Pinkberry FDD Summary


Type of Business
As a franchisee, you will operate a restaurant called Pinkberry, which provides a health-conscious, customer-oriented environment that specializes in frozen yogurt with fresh fruit and other toppings, and may offer a choice of yogurt, yogurt drinks, smoothies, frozen desserts, beverages, and other products and services.

Corporate Information
Kahala Franchising, L.L.C is an Arizona limited liability company which was formed on December 29, 2008. Their parent company is Kahala Brands, Ltd., which is a Delaware corporation.
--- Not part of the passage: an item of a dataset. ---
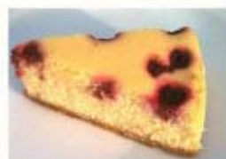
ラズベリーチーズケーキ
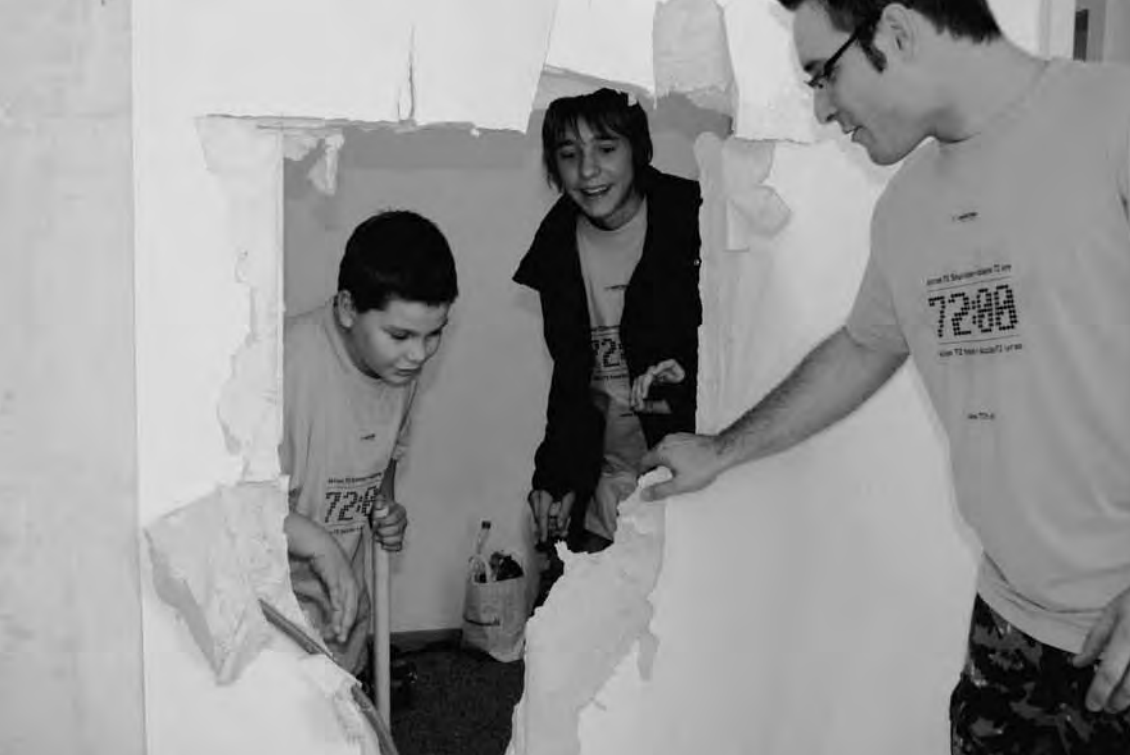
Abbruch einer Mauer im Büro von safranblau, dem Kirchen-Projekt für junge Erwachsene, im Rahmen der 72-Stunden-Aktion.

Kahala Brands was formerly known as Kahala Corp. but changed its name to Kahala Brands in December 2014. Prior to that, Kahala Corp. was a Florida corporation and was redomiciled in Delaware on December 31, 2012. On July 26, 2016, Kahala Brands merged with a wholly-owned subsidiary of MTY Food
Group, Inc. having an address at 8150 Transcanada Highway, Suite 200, Saint Laurent, Québec H4S 1MF. Kahala Brands’ parent company became MTY Franchising USA, Inc., a Delaware corporation incorporated originally as The Extreme Pita Franchising USA, Inc. on March 14, 2001, and having an address of 16420 N 92nd Street, Suite E120, Scottsdale, AZ 85260. MTY USA’s parent corporation is MTY Tiki Ming Enterprises Inc., a Canada corporation incorporated on February 13, 1979, and a wholly owned subsidiary of MTY Food Group, Inc., and having an address at 8150 Route Transcanadienne, Suite 200, Ville Saint-Laurent, Quebec, H4S 1M5, Canada.


Investment
The total investment necessary to begin operation of a Pinkberry franchise ranges from $310,442 to $628,995. This includes $42,470 to $44,470 that must be paid to the franchisor or its affiliate.